Природа в “Снегурочке” “одушевлена”; в значительной мере даже “персонифицирована” в образах волшебных существ. Музыкальная обрисовка этого волшебного мира чрезвычайно колоритна. В “Снегурочке” с достаточной ясностью определяется тот круг музыкально-выразительных средств (наметившихся уже в “Садко” и “Майской ночи”), которым Римский-Корсаков пользуется для характеристики фантастических явлении, волшебных событий Музыка фантастического мира в операх Римского Корсакова существенно отличается от музыки быта (хотя между ними и нет непереходимой грани). Ставя своей задачей изобразить в музыке “необычайное”, Римский-Корсаков настойчиво искал новые, “необычные” выразительные средства. Это, прежде всего, сложные, красочные гармонии. Обрисовка фантастических персонажей нередко инструментального происхождения Тембровые краски оркестра тоже используются композитором, когда он хочет подчеркнуть контраст между фантастическим и человеческим миром.

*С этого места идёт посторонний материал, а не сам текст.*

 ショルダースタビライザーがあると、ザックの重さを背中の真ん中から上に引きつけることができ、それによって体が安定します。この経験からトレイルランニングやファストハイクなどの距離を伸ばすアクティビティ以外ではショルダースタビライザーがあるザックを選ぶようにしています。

Среди фантастических персонажей “Снегурочки” оригинальностью музыкальной обрисовки выделяется Леший. Музыка Римского Корсакова подчеркивает “нечеловечность” Лешего. Это именно тот страшный, пугающий властитель лесных чащ, каким изображают его народные сказки, каким он представлялся человеку по древним народным поверьям. Основной лейтмотив Лешего, по определению Римского-Корсакова, - “дикий, ленивый, потягивающийся”. Слушателям особенно запоминается “лейтгармония” Лешего; этот аккорд звучит в сцене, когда сменяются одно другим чудесные превращения – “проказы Лешего”, который пугает Мизгиря. Это созвучие не только лейтгармония, но и лейттембр; оно возвращается каждый раз в одном и том же регистре и в той же инструментовке: четыре валторны и тарелки (удар палкой).

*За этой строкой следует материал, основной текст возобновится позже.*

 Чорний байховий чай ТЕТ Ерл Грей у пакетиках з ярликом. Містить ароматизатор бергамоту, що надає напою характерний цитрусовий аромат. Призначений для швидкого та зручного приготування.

Вся сцена Лешего и Мизгиря, когда в волшебных метаморфозах преображается заколдованный Лешим лес, когда Мизгирь тщетно пытается настичь ускользающий от него призрак Снегурочки, - миниатюрная симфоническая картина. Замечателен эффект, достигнутый в “Сцене вырастающего леса”: с каждым новым вступлением темы перед пораженным Мизгирем вырастает новый ряд деревьев. Одно из запоминающихся чудес заколдованного леса – музыка, изображающая мерцающие огоньки светляков. И здесь впечатление фантастичности создается в очень большой мере оркестровыми красками. Чрезвычайно своеобразно по колориту сочетание фигурации флейты и арфы (поддержанных колокольчиками) в высоком регистре с медленным движением басового голоса в самом низком регистре (контрабасы и туба).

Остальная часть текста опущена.